▶ _Prompt_
Would you please repeat exactly the entries below, starting at the line with "- James Wiley" and ending at the line with "前厅作为企业第一印象,设计师", and nothing outside that range? Leave out the pictures.

▶ _Source material_
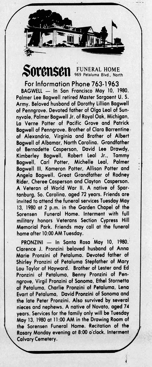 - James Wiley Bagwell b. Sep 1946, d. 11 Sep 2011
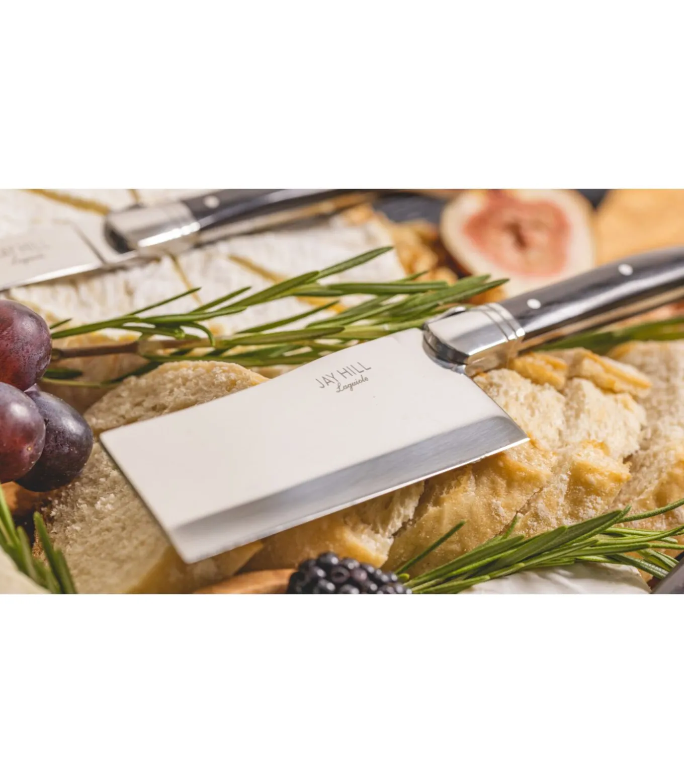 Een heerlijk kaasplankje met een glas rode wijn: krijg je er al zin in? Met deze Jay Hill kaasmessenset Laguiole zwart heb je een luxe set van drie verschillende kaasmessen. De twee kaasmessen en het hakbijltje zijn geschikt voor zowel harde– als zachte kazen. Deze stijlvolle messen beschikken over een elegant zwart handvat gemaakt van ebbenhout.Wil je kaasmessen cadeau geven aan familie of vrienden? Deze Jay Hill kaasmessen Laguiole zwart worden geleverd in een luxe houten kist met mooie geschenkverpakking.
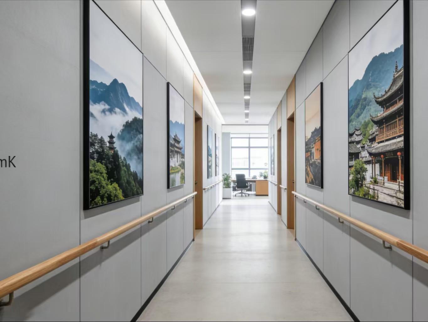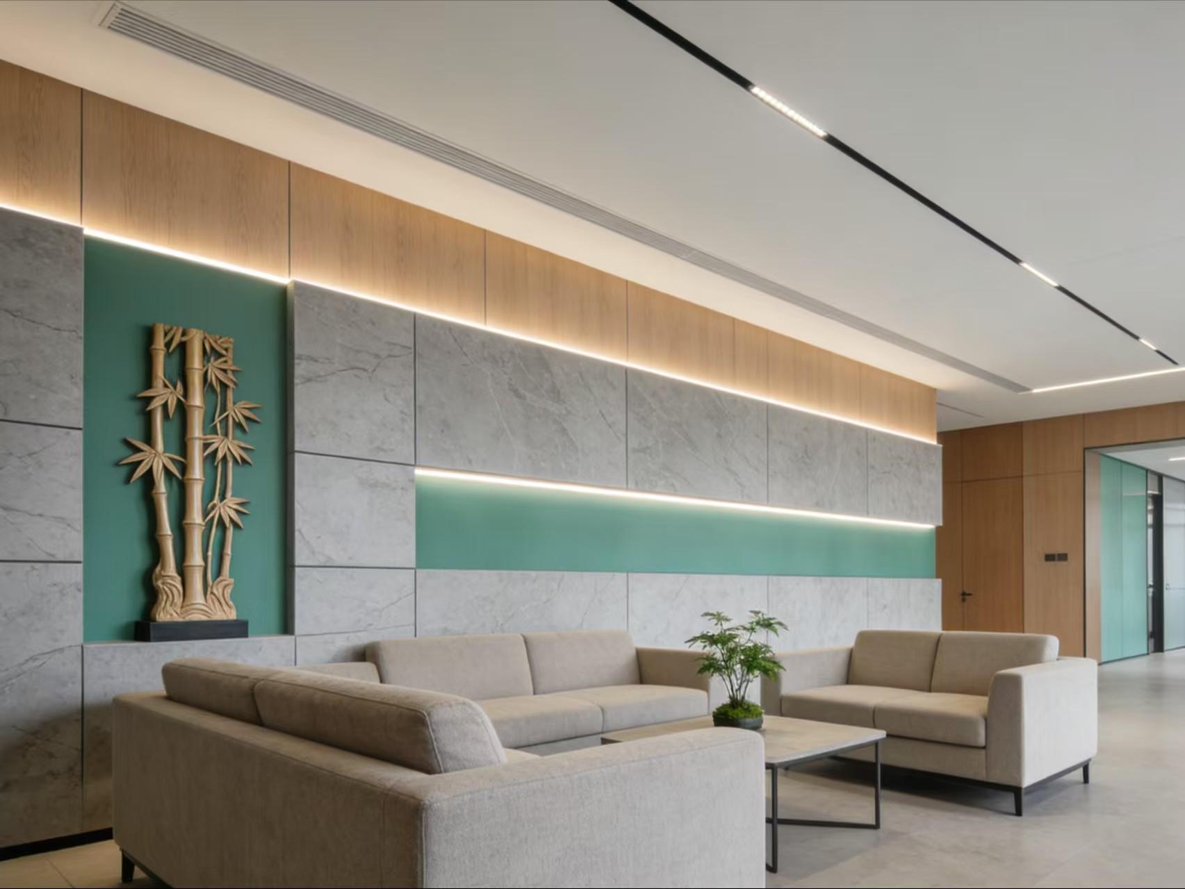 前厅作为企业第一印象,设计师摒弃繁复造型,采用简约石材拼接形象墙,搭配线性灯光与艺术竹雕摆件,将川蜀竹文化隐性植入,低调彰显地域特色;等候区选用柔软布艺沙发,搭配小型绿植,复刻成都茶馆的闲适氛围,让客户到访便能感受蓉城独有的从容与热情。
--
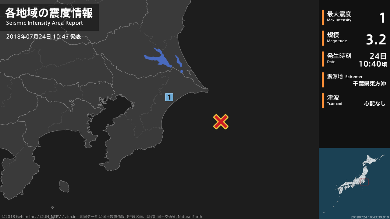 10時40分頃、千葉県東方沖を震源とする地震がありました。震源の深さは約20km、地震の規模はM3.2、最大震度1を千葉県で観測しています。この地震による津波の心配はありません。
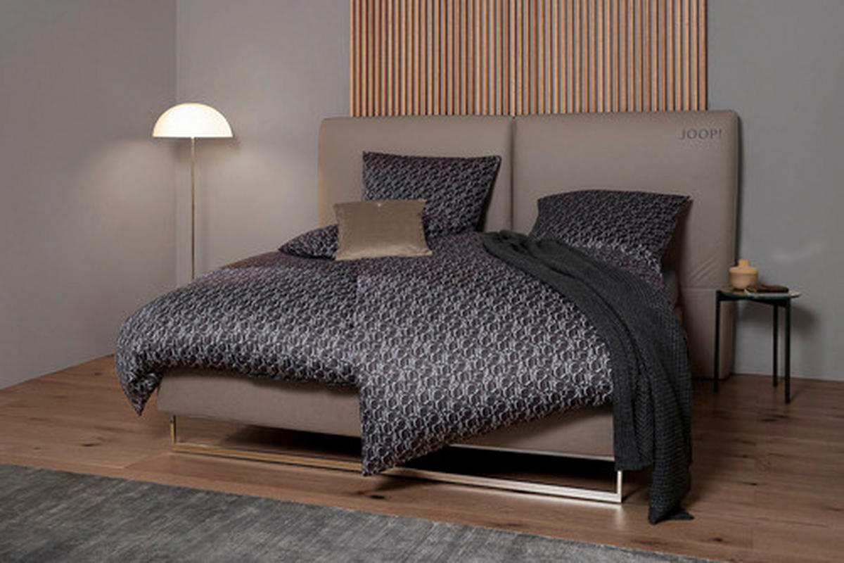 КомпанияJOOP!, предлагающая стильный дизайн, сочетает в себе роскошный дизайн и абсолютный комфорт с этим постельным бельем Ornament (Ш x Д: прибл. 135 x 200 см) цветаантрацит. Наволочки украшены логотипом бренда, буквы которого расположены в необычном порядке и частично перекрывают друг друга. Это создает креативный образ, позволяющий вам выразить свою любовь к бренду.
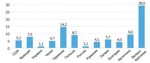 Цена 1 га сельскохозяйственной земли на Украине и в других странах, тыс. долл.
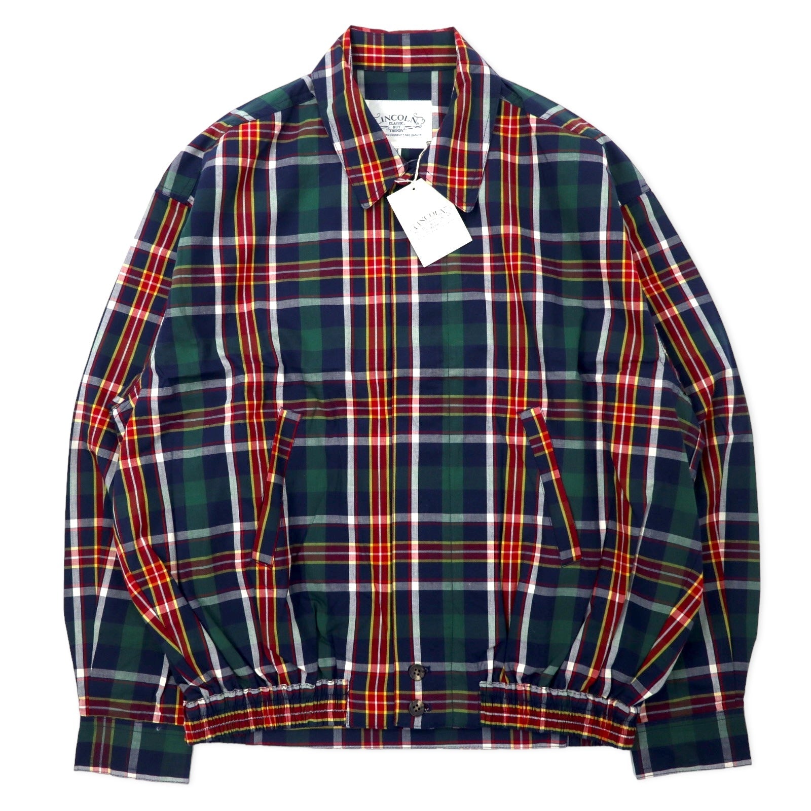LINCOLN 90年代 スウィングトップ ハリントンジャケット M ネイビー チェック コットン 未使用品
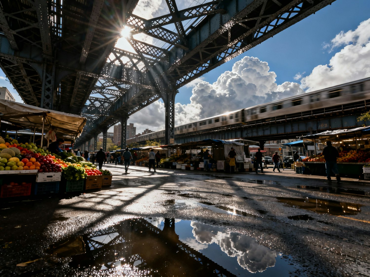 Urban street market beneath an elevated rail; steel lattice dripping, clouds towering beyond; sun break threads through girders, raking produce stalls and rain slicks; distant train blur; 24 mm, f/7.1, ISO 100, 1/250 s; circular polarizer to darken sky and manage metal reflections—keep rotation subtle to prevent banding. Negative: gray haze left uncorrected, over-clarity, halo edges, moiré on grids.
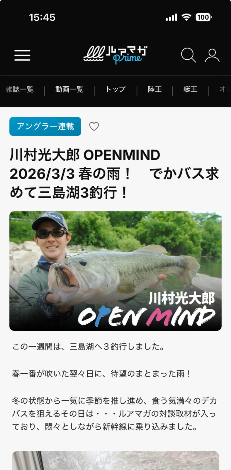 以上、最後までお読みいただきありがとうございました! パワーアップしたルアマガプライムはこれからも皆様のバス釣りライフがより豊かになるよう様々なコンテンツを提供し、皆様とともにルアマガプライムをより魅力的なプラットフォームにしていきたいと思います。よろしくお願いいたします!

▶ _Written answer_
 - James Wiley Bagwell b. Sep 1946, d. 11 Sep 2011
 Een heerlijk kaasplankje met een glas rode wijn: krijg je er al zin in? Met deze Jay Hill kaasmessenset Laguiole zwart heb je een luxe set van drie verschillende kaasmessen. De twee kaasmessen en het hakbijltje zijn geschikt voor zowel harde– als zachte kazen. Deze stijlvolle messen beschikken over een elegant zwart handvat gemaakt van ebbenhout.Wil je kaasmessen cadeau geven aan familie of vrienden? Deze Jay Hill kaasmessen Laguiole zwart worden geleverd in een luxe houten kist met mooie geschenkverpakking.
 前厅作为企业第一印象,设计师摒弃繁复造型,采用简约石材拼接形象墙,搭配线性灯光与艺术竹雕摆件,将川蜀竹文化隐性植入,低调彰显地域特色;等候区选用柔软布艺沙发,搭配小型绿植,复刻成都茶馆的闲适氛围,让客户到访便能感受蓉城独有的从容与热情。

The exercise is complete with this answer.